Pursuing higher education, particularly in professional courses like MBA, Medicine, Engineering, and others would be expensive. A rise in inflation in the sector makes it much more expensive year after year. Thus it becomes harder for parents in the middle or lower-earning groups, to give the fees for abroad education loans for their children until they get a scholarship.
When there is no scholarship or enough investments incurred for the goal, there is only one choice left for the parents to borrow money from others and fund the education of their children.

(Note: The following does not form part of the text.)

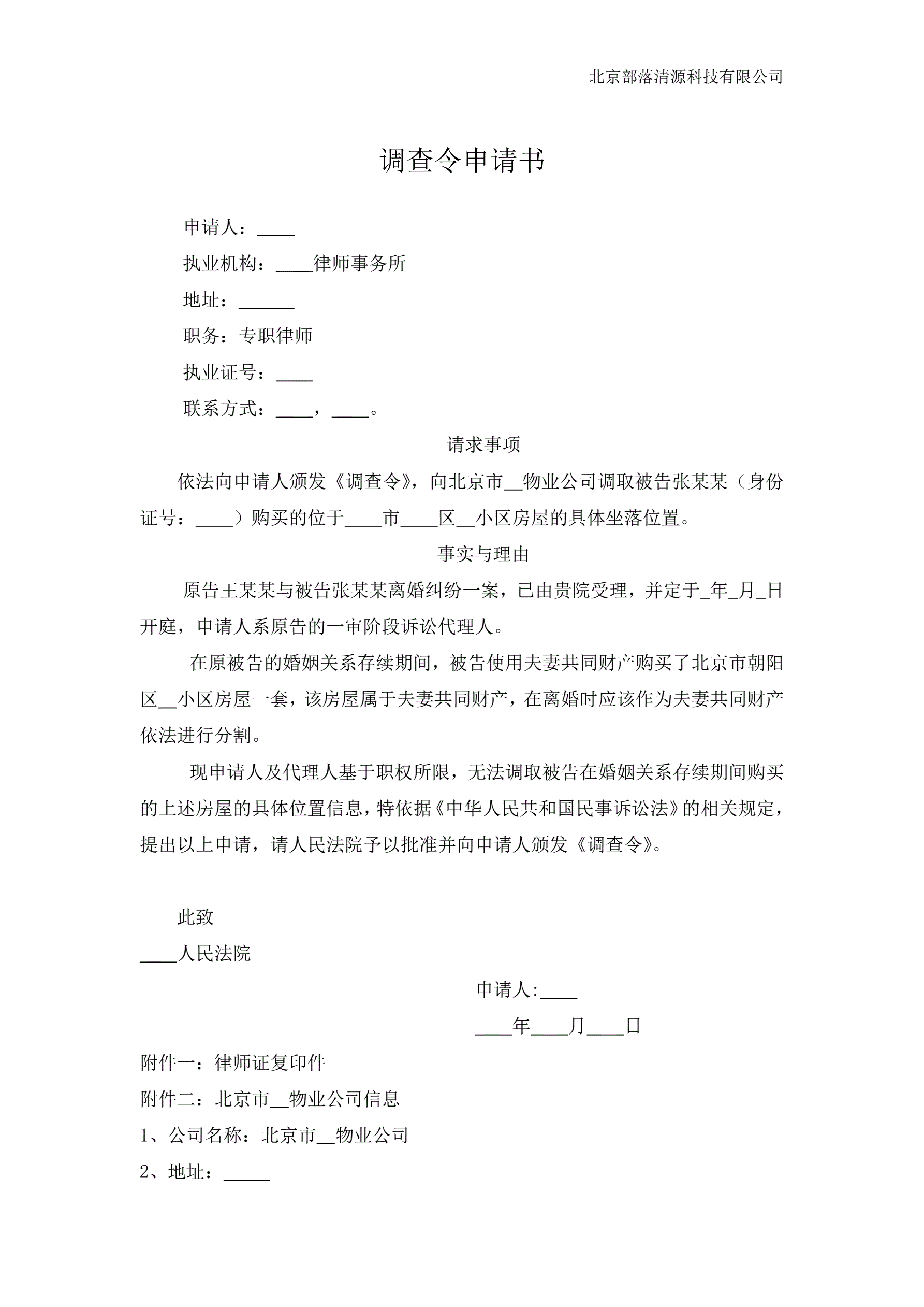 调查取证申请书(调房屋的具体坐落位置)

With respect to other loans, the loan for the purpose of education is cheaper indeed the borrowers might get discounts and gives subsidiary on the interest rates, and furnishes greater tax advantages on the repayments u/s 80E of the Income Tax Act.
Defining the provisions u/s 80E and the way that an individual could get the benefit of the same, tax expert mentioned that “Section 80E of the Income Tax Act Act allows education loan borrowers to claim interest paid on education loans as a deduction. The deduction, however, is allowed only on the interest component of the loan and not the principal amount of the loan.”
How to Claim Tax Benefit on Education Loan?
An education loan taken by a parent for the higher education of a child in India or abroad may be deducted from their income. They are able to save tax on their total income as a result. Additionally, this benefit is available in addition to the Section 80C deduction of Rs 1.5 lakh. A tax expert said the deduction can be claimed up to eight years after the loan has been repaid or when it ends.